### Extracted records
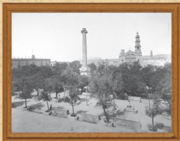
Vista de la ciudad de Aguascalientes.

El texto original se integra de 73 artículos, organizados en siete títulos. En ella se destaca que una vez pronunciada una sentencia condenatoria de reponsabilidad por delitos y faltas oficiales no puede concederse al reo la gracia de indulto.
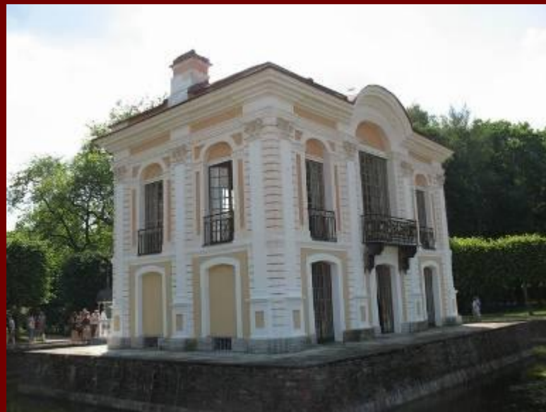
Павильон Эрмитаж «Приют отшельника», «Уединенный уголок»
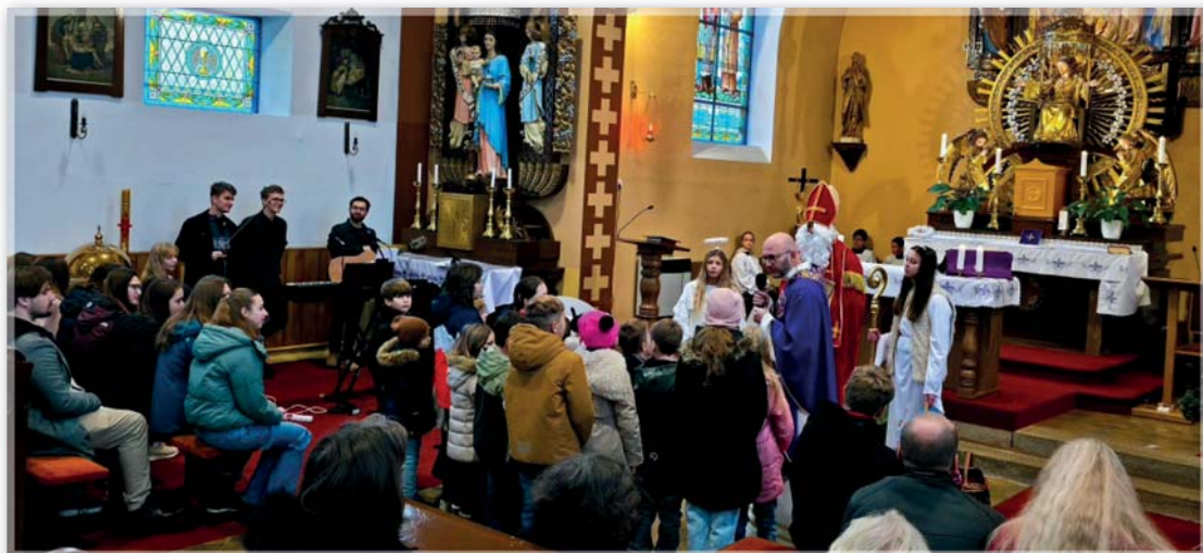
Neděle 7. 12. 2025 – návštěva svatého Mikuláše a jeho družiny po nedělní mši svaté
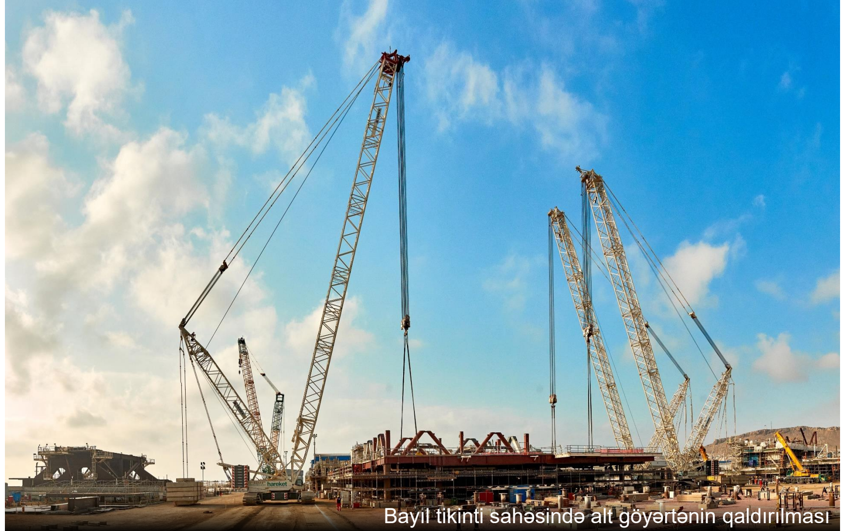
Bayıl tikinti sahəsində alt göyertənin qaldırılması
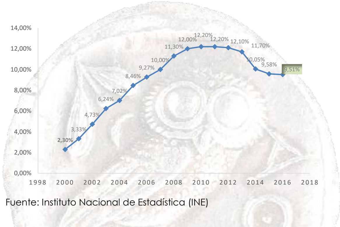
Gráfico 1. Evolución de la tasa de inmigración en España (2000-2016)

Fuente: Instituto Nacional de Estadística (INE)
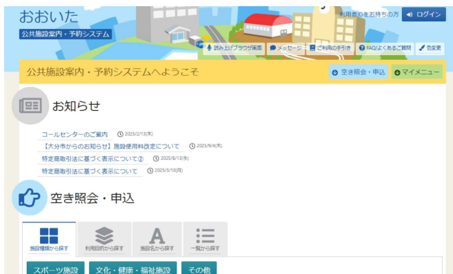
[おおいた公共施設案内・予約システム]
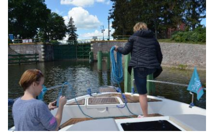
Żeńska załoga Radia Gdańsk na trasie

Białej Góry. Na koniec rejsu właściciel łódki ufundował dla słuchaczy Radia Gdańsk darmowy weekend na hausboicie.
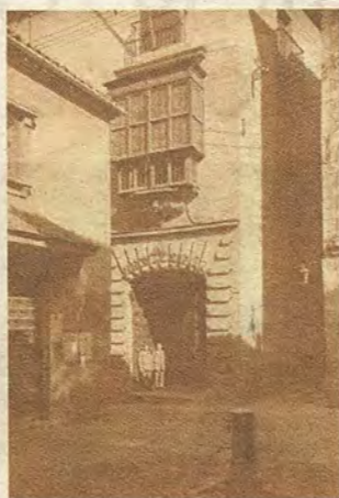
Sede del Banco de España, esquina a la calle Nueva, en el primer tercio del XX. Casiano Alguacil (Archivo Municipal de Toledo); abajo, 4. Cruce de las calles de las Cadenas y Nueva en 2015. (R. del Cerro)
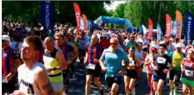
Niektórzy zawodnicy biorący udział w tegorocznym biegu głównym w ramach 41. Krapkowickiego Biegu Ulicznego z wielkim zdziwieniem wracali do domów bez nagród rzeczowych.

Okazało się, że organizatorzy zmienili dotychczasową formułę przyznawania nagród rzeczowych w 41. KBU, o czym jasno nie poinformowali w regulaminie biegu głównego. Dlatego też, 6 maja, prze-
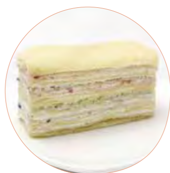
ミルクレープ風 いしおかサンド ぶれっどのケーキ屋さん 230円

### Your goal
Repeat each record exactly as shown above, dropping all images.

### Answer box
Vista de la ciudad de Aguascalientes.

El texto original se integra de 73 artículos, organizados en siete títulos. En ella se destaca que una vez pronunciada una sentencia condenatoria de reponsabilidad por delitos y faltas oficiales no puede concederse al reo la gracia de indulto.
Павильон Эрмитаж «Приют отшельника», «Уединенный уголок»
Neděle 7. 12. 2025 – návštěva svatého Mikuláše a jeho družiny po nedělní mši svaté
Bayıl tikinti sahəsində alt göyertənin qaldırılması
Gráfico 1. Evolución de la tasa de inmigración en España (2000-2016)

Fuente: Instituto Nacional de Estadística (INE)
[おおいた公共施設案内・予約システム]
Żeńska załoga Radia Gdańsk na trasie

Białej Góry. Na koniec rejsu właściciel łódki ufundował dla słuchaczy Radia Gdańsk darmowy weekend na hausboicie.
Sede del Banco de España, esquina a la calle Nueva, en el primer tercio del XX. Casiano Alguacil (Archivo Municipal de Toledo); abajo, 4. Cruce de las calles de las Cadenas y Nueva en 2015. (R. del Cerro)
Niektórzy zawodnicy biorący udział w tegorocznym biegu głównym w ramach 41. Krapkowickiego Biegu Ulicznego z wielkim zdziwieniem wracali do domów bez nagród rzeczowych.

Okazało się, że organizatorzy zmienili dotychczasową formułę przyznawania nagród rzeczowych w 41. KBU, o czym jasno nie poinformowali w regulaminie biegu głównego. Dlatego też, 6 maja, prze-
ミルクレープ風 いしおかサンド ぶれっどのケーキ屋さん 230円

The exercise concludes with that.